Sébastien  Frey approda in Italia nel 1998, notato da due osservatori d’eccezione mandati dall’Inter in Francia, inizialmente per visionare Dabo e Silvestre, come Mazzola e Suarez, dopo che già la Juventus si era mossa in precedenza per tesserare il ragazzo, a quell’epoca giovanissimo e con alle spalle appena un pugno di presenze con il Cannes.

Da quel momento in poi diventa uno dei più forti portieri della serie A, riuscendo a imporsi in un movimento calcistico, quello italiano, in cui tra i tanti problemi i portieri forti non sono mai mancati.

Agilissimo tra i pali, strepitoso nell’uno contro uno, spiccata personalità che gli permette, fin dalla giovane età, di guidare i propri compagni da dietro. Ma su un fondamentale, in particolare, Seba è stato sicuramente, se non il migliore, uno dei migliori di tutti: il “doppio intervento”. Ossia la capacità di recuperare la posizione in estrema rapidità andando ad effettuare una ulteriore parata, immediatamente consecutiva alla prima.

Merito sicuramente di un fisico reattivo, ma anche del duro lavoro fatto durante gli allenamenti nel corso degli anni. Ma merito anche di una innata capacità di “rialzarsi”, sempre e comunque. Tra i pali come nella vita, reagendo alle varie difficoltà.

Dal “ko tecnico” subito nel derby alla rottura del crociato. Dalla indifferenza della propria Nazionale fino al terribile virus che ha rischiato recentemente di strapparlo all’amore dei suoi cari.

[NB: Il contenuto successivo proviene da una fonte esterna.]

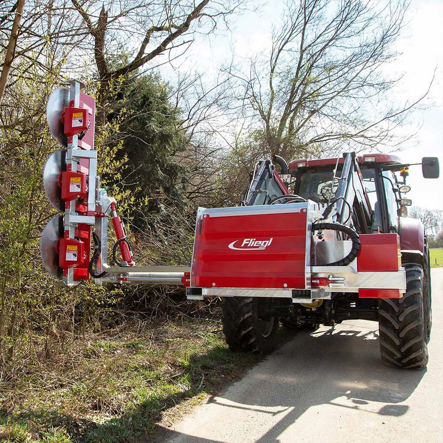 Astsäge »WoodKing Wild« Euronormaufnahme / 3-Blatt / links-rechts Die Fliegl Astsäge ohne Hochleistungskeilriemen – die »WoodKing Wild« bezieht die Energie für die einzelnen Sägeblätter aus separaten Ölmotoren mit geschlossenem Ölbadgetriebe. Diese sind unverwüstlich, wartungsfrei und bieten eine integrierte Überlastsicherung gegen Getriebeschäden. Die verschleißarmen Motore machen das Gerät besonders wartungsarm. Durch den Verzicht auf Hochleistungskeilriemen verringern sich auch Gewicht und Maße! Das gesamte »Wild« Komplettpaket ist gezielt auf die professionelle Forstarbeit ausgelegt. Der Sägekopf besteht aus einem stabilen Grundrahmen, welcher den besonders anspruchsvollen Arbeitsalltag dank seiner langen Lebensdauer problemlos übersteht. Drei hartmetallbestückte Spezial-Sägeblätter mit 700 mm Durchmesser und je 60 widiabestückten Zähnen ermöglichen eine effektive Arbeitsbreite von ca. 2100 mm. Sie sorgen für einen sauberen und glatten Schnitt auch bei dicken Ästen bis zu einem Durchmesser von ca. 280 mm. Diese sorgfältige Arbeitsweise kann einen Krankheitsbefall vorbeugen und die schnelle Heilung der Schnittfläche begünstigen. Die Sägeblätter erreichen dabei eine hervorragende Arbeitsgeschwindigkeit für ein besonders sauberes Schnittergebnis. Auf der Astsägen Ober- und Unterseite verhindern widerstandsfähige Schutzbügel die Berührung der Sägeblätter mit dem Erdreich und dienen zum Schutz in jeder Anbauposition. Der in einem Neigungswinkel von 111° stufenlos verstellbare Sägekopf ist beweglich auf einem um 1200 mm seitlich ausschiebbaren Ausleger platziert. Somit kann am Straßenrand gefahren und im Auslegerbereich geschnitten werden. Selbst im voll ausgefahrenen Zustand sorgt das serienmäßige, seitliche Kontergewicht für eine gute Balance und verringerte Belastung der Schwinge. Features » Sauberer Schnitt von dünnen und dicken Ästen » Flacher, speziell geformter Sägekopf für beste Sicht – ideal zum Schneiden von Sträuchern oder grobem Gestrüpp geeignet » Schnelles Freischneiden von Straßen und Wegen » Kompakte Bauform » Geringer Wartungsbedarf » Serienmäßig mit Schutzbügel – Schutz vor Beschädigung bei bodennahen Arbeiten » Ausleger seitlich um 1200 mm ausschiebbar – ermöglicht Fahren am Straßenrand und Schneiden im Auslegerbereich » Beidseitige Aufnahme für Links- und Rechtsanbau » Serienmäßig mit seitlichem Kontergewicht – keine einseitige Belastung der Schwinge des Trägerfahrzeugs und geringere Kippgefahr » Serienmäßig mit Steuerblock zum gleichzeitigen Bedienen aller Funktionen: Integrierter Drucksensor überträgt bei zu hohem Öldruck akkustisches Signal in die Fahrerkabine und warnt vor einem Blockieren der Sägeblätter » Serienmäßig mit Neigevorrichtung 111° – Schnittwinkel stufenlos einstellbar Technische Details » Arbeitsgeschwindigkeit: bis ca. 8 km/h » Aststärke: bis ca. Ø 280 mm » Schnittbreite: 2100 mm » 3 Sägeblätter (Ø 700 mm) aus hochverschleißfestem Stahl mit 60 Widia bestückten Zähnen » Antrieb über Ölmotore mit geschlossenem Ölbadgetriebe » Erforderliche Ölmenge: ca. 75 l/min – hohe Kraftübertragung » Astsägenkopf um 180° schwenkbar » 1 doppeltwirkender Anschluss erforderlich » Eigengewicht: ca. 900 kgKontaktdaten:

Non c’è mai stata nulla da fare: qualunque cosa abbia cercato di colpire Seba si è trovata la sua sagoma davanti, con le braccia larghe, a dirgli: “tu di qua non passi”

Il derby maledetto

Nel 1998, come detto, l’Inter acquista questo giovane portiere, inizialmente iscritto in rosa come terzo, dietro a Gianluca Pagliuca e ad Andrea Mazzantini. I nerazzurri, per convicerlo, hanno mobilitato persino una leggenda come Walter Zenga, volato in Francia per convincere il ragazzo, nipote e figlio d’arte (sia il nonno che il papà giocavano a pallone) a sposare la causa del “biscione”.

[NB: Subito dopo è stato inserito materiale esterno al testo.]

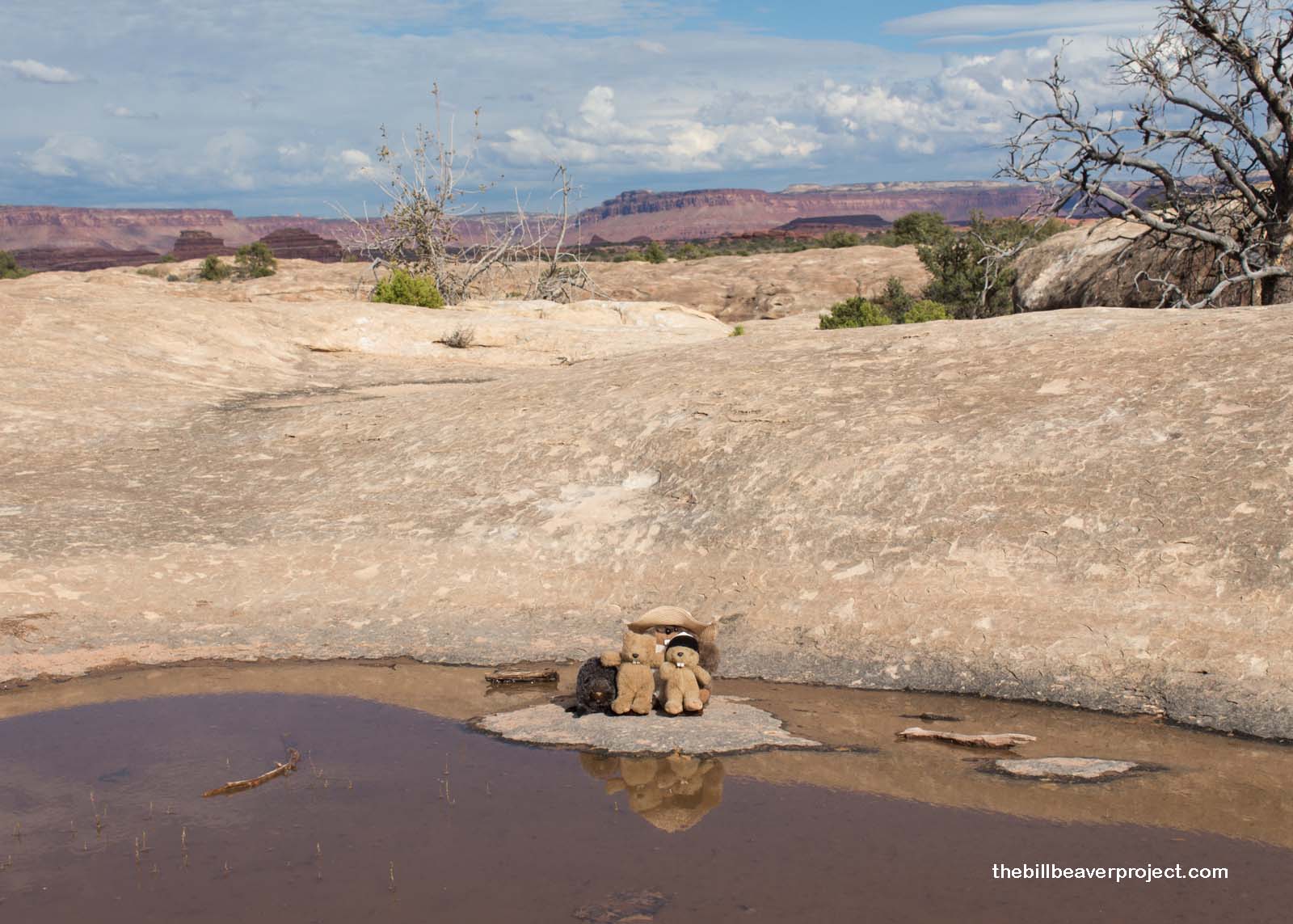 But why is it called Pothole Point and not Pancake Point, you ask? The rain pounding on the sandstone has worn pits called potholes into the rock, and when those pits fill with water, desert magic happens! Ancient, tiny creatures, like fairy shrimp and tadpole shrimp, which may have been dormant for 50 years, come back to life in a race to live their lives before the water dries up again! We sat and watched them for what felt like hours as they frantically foraged the way they have for millions of years!

Della bravura del ragazzo già se n’erano accorti gli osservatori del club, che gli vedono sì prendere 6 gol in una partita, ma compiere almeno altrettanti interventi decisivi salvando la propria squadra dal tracollo, e il tutto senza mai perdere calma e lucidità.

Mentre tutti gli dicono “vai in prestito a farti le ossa” Seba decide di rimanere, almeno per un anno, alla Pinetina, senza mai entrare in campo, ad ascoltare i consigli di Pagliuca in particolare (perché Mazzantini, nel frattempo, è stato ceduto al Perugia).

L’anno seguente arriva il grande salto, con il trasferimento, in prestito secco, all’Hellas Verona. In gialloblù Seba è titolare inamovibile, e sulla salvezza della squadra di Cesare Prandelli c’è nettamente il suo zampino.

Un’annata talmente convincente da convincere l’Inter: sarà lui il titolare nella stagione successiva.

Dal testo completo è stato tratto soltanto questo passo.